We set several LCC threshold values (Table 1), below which we applied a fixed amount of the effluent as illustrated in Figure 2. By each incremental raising of the LCC threshold, the application timing and the resultant total amount were increased (Table 1). There was a positive linear relationship between LCC values and Soil Plant Analysis Development (SPAD) values, an indicator of leaf chlorophyll content, regardless of the seasons (Fig. 3). This relationship indicates that a cheap LCC can substitute for an expensive SPAD meter to estimate leaf color even in the case of using effluent as fertilizer. Rice grain yield and straw biomass were also increased by raising the LCC threshold, suggesting that determining the application timing based on LCC threshold is feasible under microcosm conditions. There were positive linear relationships between the mean LCC values during 21 to 81 days after sowing and the grain yields in both seasons (Fig. 4). The optimum LCC threshold for effluent application was 3.75 under microcosm conditions.

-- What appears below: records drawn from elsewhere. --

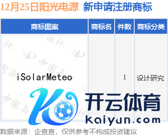 本站音讯,凭据企查查数据披露,近日阳光电源股份有限公司新提交1件商标注册请求。商标请求细则如下: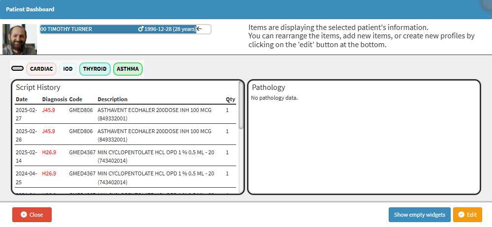 An overview of the Patient's details and their past Clinical Data, starting from their initial visit to the Practice.- Click on the Patient Dashboard button.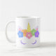 Visage stylisé de licorne avec le klaxon, les oreilles, les cils, et les fleurs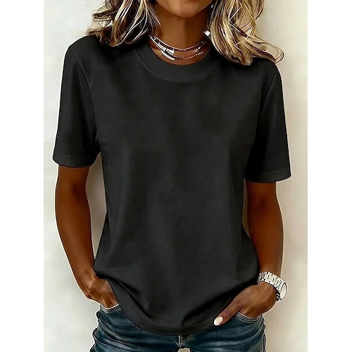 T-Shirt da Donna in 100% Cotone Shirt Tee Top Monocromatica Moda Stilosa Basic Manica Corta Collo Regolare Top Regolari Uscita Giornaliera Weekend Blu Nero Bianco Giallo Verde Chiaro Estate Primavera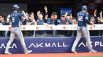 [OSEN=수원, 이대선 기자] 6일 오후 경기 수원 케이티위즈파크에서 '2015 타이어뱅크 KBO 리그 kt 위즈와 NC 다이노스의 경기가 열렸다. 3회초 1사 만루에서 NC 테임즈의 우전 적시타 때 홈을 밟은 김종호와 김태군이 덕아웃에서 동료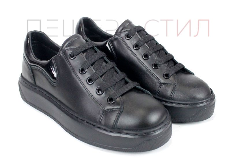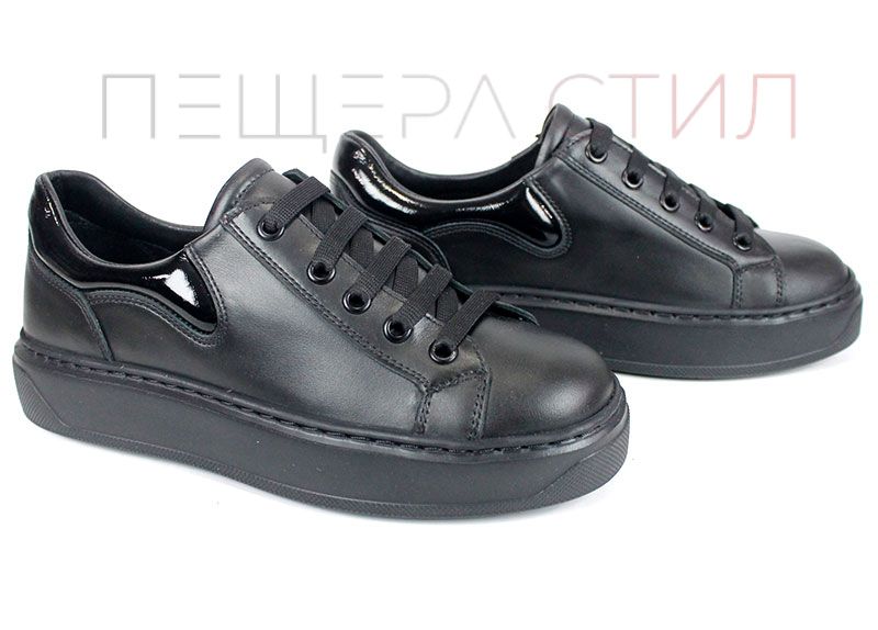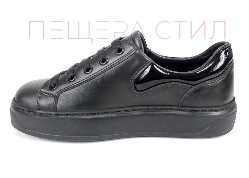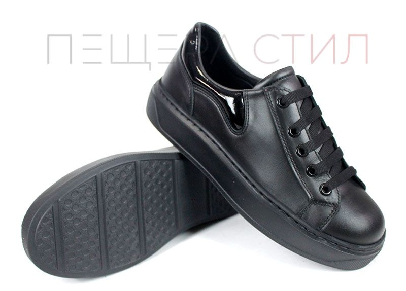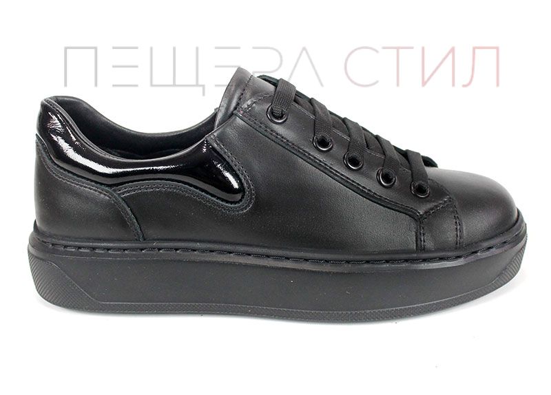 Sneakers pentru femei din piele naturală și lac negru, cu talpă sport cusută și flexibilă. Interior complet din piele naturală, oferind confort și respirabilitate în fiecare pas. Ideal pentru purtare zilnică.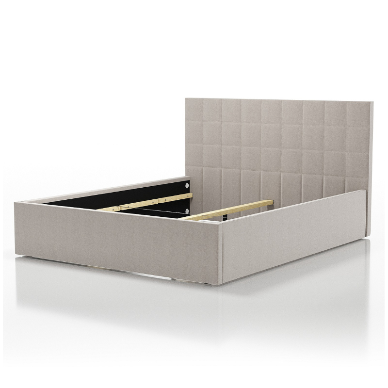 The Upholstered Bed Frame 31 is a modern, custom-designed bed that combines minimalist elegance with distinctive detailing. Its simple frame and high headboard with eye-catching diagonal stitching create a unique composition, making it ideal for both classic and contemporary bedrooms.
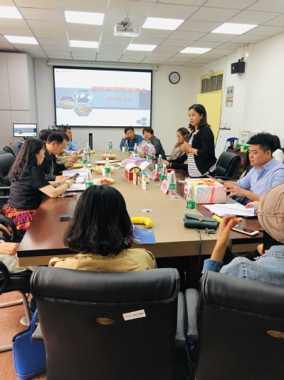2019年5月6日下午,久久久国产精品分工会在306会议室举行教职工生日蛋糕券团购咨询会,久久久国产精品党委副书记、工会主席邓艳华和李淑娟、赵珺老师,其他分工会20余位代表与蛋糕供应商面对面洽谈。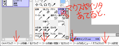 ツールアイコンにマウスポインタをあてると、一番下の灰色の部分に、説明が出てます。「右ドラッグでツール移動・複製」とか。

The proposed method can achieve yield levels comparable to those from inorganic fertilizers. However, when determining the application amount based on N concentration in the effluent, the application amounts of phosphorus (P) and potassium (K) from the effluent may become deficient or excessive due to the imbalance of NPK concentrations. The optimum LCC threshold in terms of rice grain yield may change depending on the cultivar and environment, therefore farmers need to determine it independently. Because the use of effluent as fertilizer requires additional labor and cost compared to that of inorganic fertilizers, financial administrative support is essential in order to mitigate the environmental problems.

Figure, table

  1. Table 1. The method and the total rate (kg N ha-1) of N application for eight treatments in two experiments

    Treatment Application method Experiment 1 Experiment 2
    Zero No nitrogen 0 0
    Estd Split-application, for three times at conventional timings 150 (30-50-70) 150 (30-50-70)
    E2.75 60 kg N ha-1 as effluent whenever LCC value goes below 2.75 90 (30-60) 90 (30-60)
    E3.00 60 kg N ha-1 as effluent whenever LCC value goes below 3.00 90 (30-60) 90 (30-60)
    E3.25 60 kg N ha-1 as effluent whenever LCC value goes below 3.25 90 (30-60) 90 (30-60)
    E3.50 60 kg N ha-1 as effluent whenever LCC value goes below 3.50 150 (30-60-60) 150 (30-60-60)
    E3.75 60 kg N ha-1 as effluent whenever LCC value goes below 3.75 150 (30-60-60) 210 (30-60-60-60)
    U3.25 60 kg N ha-1 as urea whenever LCC value goes below 3.25 150 (30-60-60) 90 (30-60)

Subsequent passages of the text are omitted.